Mission de l’Aumônerie et ministères

Pour les trois ans à venir, notre Église est entrée dans un processus synodal dont le thème est la mission et les ministères. L’aumônerie des hôpitaux trouve toute sa place dans cette réflexion. Quelques pistes…  
Le jour de la visite par Jean Geoffroy
1989
©Wikipedia

L’aumônerie des hôpitaux peut donner du grain à moudre pour témoigner à partir de son expérience dans un univers fait parfois de frontières et bien souvent de ruptures. Qu’il s’agisse du ministère personnel de l’aumônier ou collectif des visiteurs et membres des commissions d’accompagnement, ce service d’Église relève de la mission de témoignage en paroles et en actes qui est confiée par le Seigneur à ses disciples.

 

Le nom commun aumônier/erie connaît une origine incertaine. Pour les uns, il pourrait provenir d’un mot dérivé du grec d’Église « elemosuné », qui indique le don fait aux pauvres.
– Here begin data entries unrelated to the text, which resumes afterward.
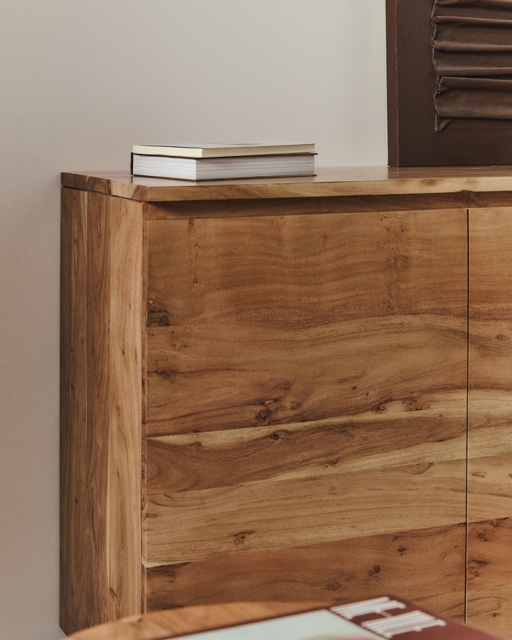 Коллекция Uxue переопределяет функциональность и стиль в любом пространстве с ее чистым, современным дизайном. Массив акации с отбеленной отделкой передает уникальное тепло и подчеркивает текстуру дерева, добавляя свет и изысканность помещению. Каждая дверца идеально интегрирована в изделие, создавая гармоничный и минималистский вид, который адаптируется к любому типу декора, от самого современного до самого классического.
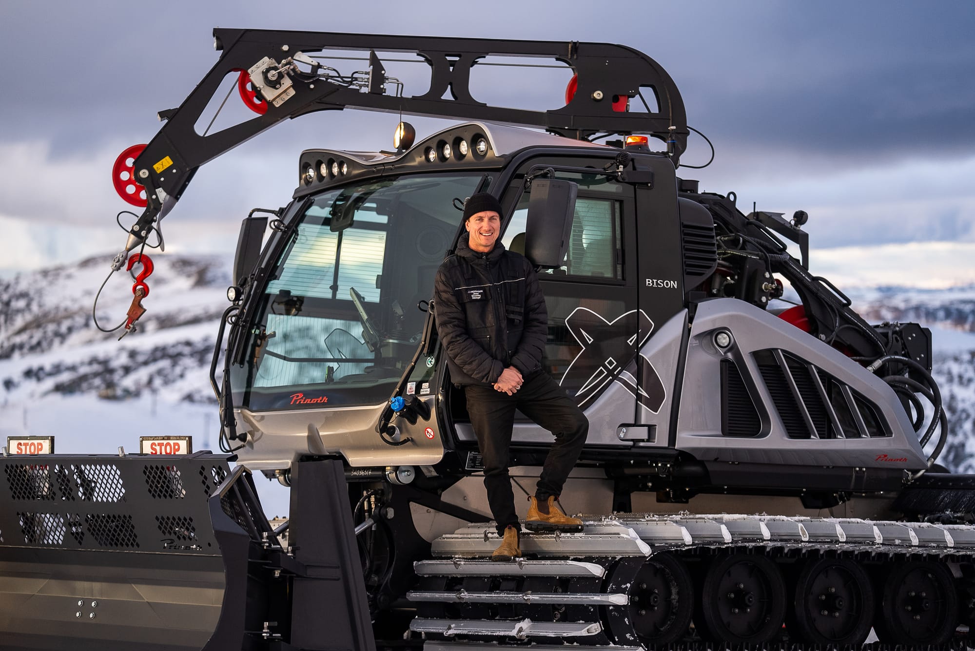 For the past few weeks, Jesse has been running a new grooming machine, a Prinoth Bison X, which he calls “the Swiss army knife of snow cats”.
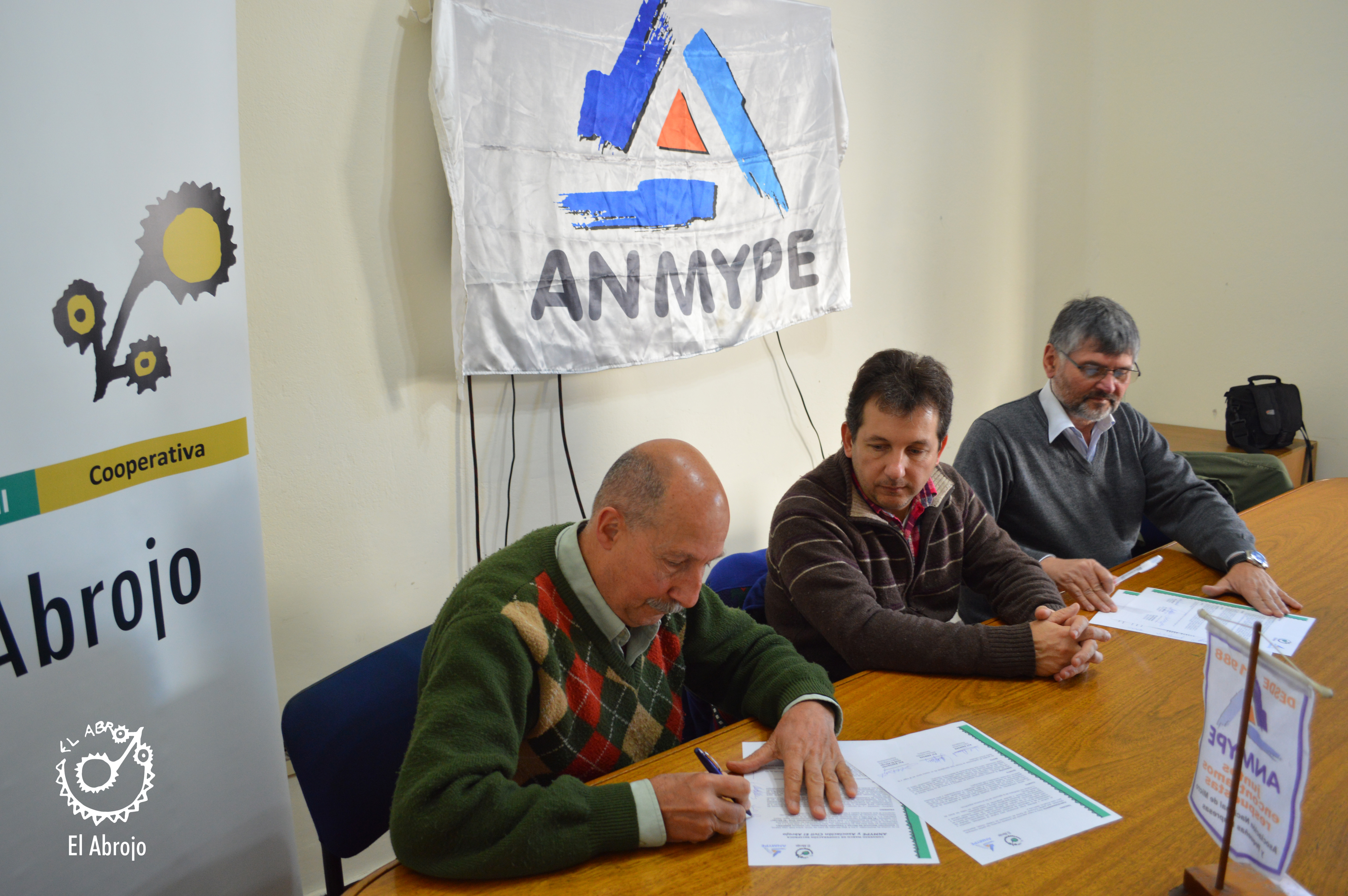 En la firma del convenio estuvieron presentes autoridades de ambas organizaciones, quienes firmaron fueron Julio Durante y Antonio Sabella, presidente y secretario de Anmype respectivamente y por el Abrojo, Pedro Delprato, coordinador del Programa Socio-Laboral.
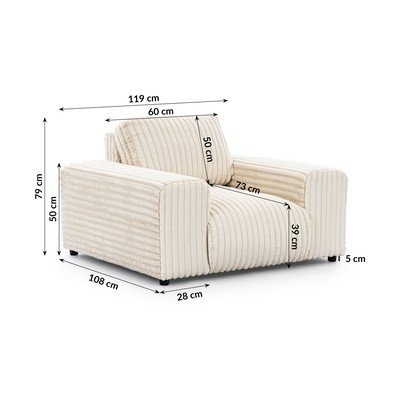 Кремаво кресло от рипсено кадифе Justin – Ropez
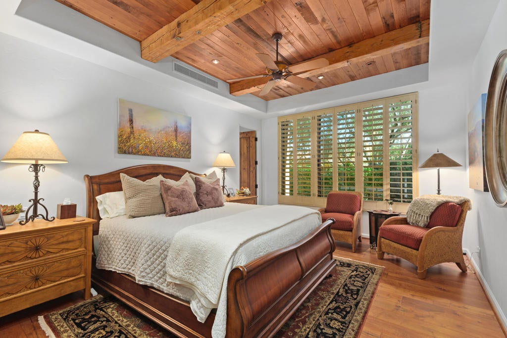 Breakfast Bar, Separate/Formal Dining Room, High Ceilings, Open Floorplan, Recessed Lighting, Primary Suite, Walk-In Closet(s), Beamed Ceilings, Crown Molding
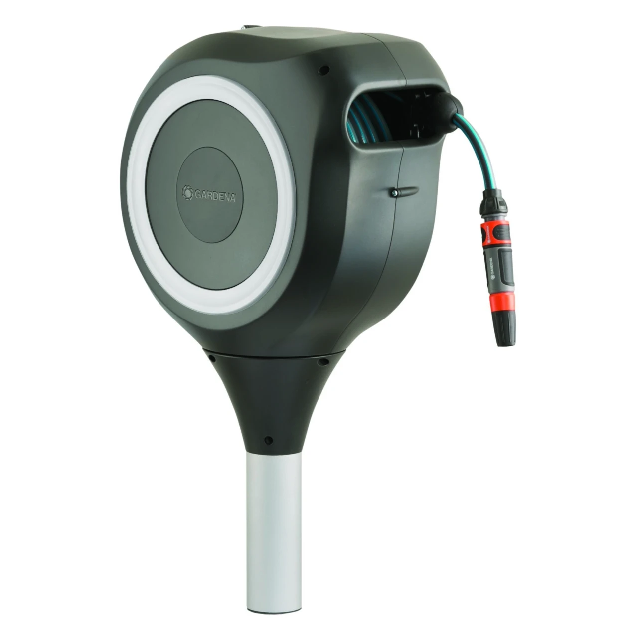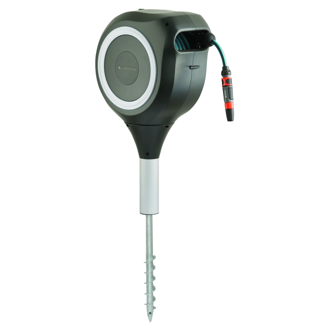 Die RollControl-Technologie sorgt für den sicheren und kontrollierten Rückzug. Das hochwertige Material wird sowohl mit einen UV- als auch mit einem Frostschutz vor Beschädigungen durch Witterungseinflüsse geschützt. Die Box lässt sich dank des kompakten und stilvollen Designs problemlos in jeden Garten integrieren. Zudem ist sie auf die Höhe der GARDENA Mähroboter abgestimmt, damit auch der Rasen um die Schlauchbox immer gepflegt und gemäht wird. Der Lieferumfang enthält neben der Garten-Schlauchbox mit dem 20 Meter langen Bewässerungsschlauch alle notwendigen Anschluss- und Montageteile: Einen flexiblen Verbindungsschlauch, alle benötigten Original GARDENA Systemteile, Montagezubehör sowie eine Spritze mit zwei verschiedenen Sprühbildern.
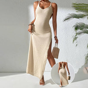 Sexy Cutout Slim Fit Slit Spaghetti Straps Knitted Beach Dress
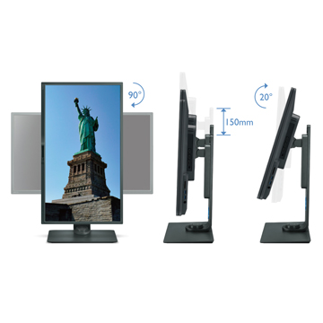 Přizpůsobte si svoji pracovní stanici a vytvořte si dokonalé uživatelské prostředí díky širokým možnostem nastavení monitoru – výšky, naklonění, otočení na výšku, zdvihu a natočení. Používáte-li displej ve svislé orientaci, chytrý snímač orientace obrazovky monitoru automaticky otočí její obsah, takže si budete moci vychutnat prohlížení obrázků v jejich plném kontextu.

Pour d’autres, il trouverait son origine dans le nom de la déesse Alemona. Selon Tertullien, cette divinité du panthéon romain avait pour fonction de nourrir le fœtus. Ces étymologies se réfèrent donc à la notion de don.

 

 

 

Une compétence reconnue

 

Depuis le Moyen Âge où elle était une sorte d’hôtellerie réservée aux pauvres, jusqu’à la séparation des Cultes et de l’État, l’aumônerie n’a cessé d’évoluer. Depuis quelques décennies, elle s’est renouvelée dans sa fonction et élargie aux différents cultes qui n’étaient pas présents en 1905. L’aumônier est à ce jour en France le seul ministre d’Église reconnu et porté par l’État. De manière implicite, la société civile accorde ainsi une compétence aux aumôneries dans le domaine du soin. Elle reconnaît une place à sa mission qui, par l’écoute et l’accompagnement de la personne hospitalisée, obéit certes à un appel religieux, mais en même temps rend un service en humanité.

 

Si les auteurs du Nouveau testament décrivent des formes de ministères personnels et reconnus nommés « diaconoi, presbyteroi ou episcopoi », on ne trouve aucune trace d’un ministère d’aumônier. Le terme n’a donc aucun caractère scripturaire et pourrait même avoir une origine mythologique.

 

 

 

Une visitation

 

Cependant, même si le ministère d’aumônier n’est pas attesté dans la Bible, sa fonction n’en est pas moins évangélique. L’aumônier se trouve à la croisée des chemins de la diaconie et de la prédication. D’ailleurs dans certaines Églises, il peut être un pasteur ou un diacre. Les Églises réformées ont toujours mis l’accent sur le caractère évolutif des ministères reconnus. En rupture avec la tradition catholique héritée de l’Église primitive, Calvin ajoutait un ministère personnel de docteur (enseignant) à côté de ceux de pasteur, d’ancien et de diacre.

 

L’aumônerie relève bien d’un des lieux où peut se vivre la mission confiée par le Christ à ses disciples. Elle est au croisement de la diaconie, c’est-à-dire du service des plus pauvres, et de la prédication de la bonne nouvelle. Portée par l’aumônier et les auxiliaires bénévoles, elle est ainsi un lieu de témoignage dans l’annonce d’un Dieu qui s’approche et nous visite. La rencontre entre visiteurs et patients peut parfois devenir une visitation et constitue, le temps d’une écoute et d’un accompagnement, la présence réelle d’un Autre.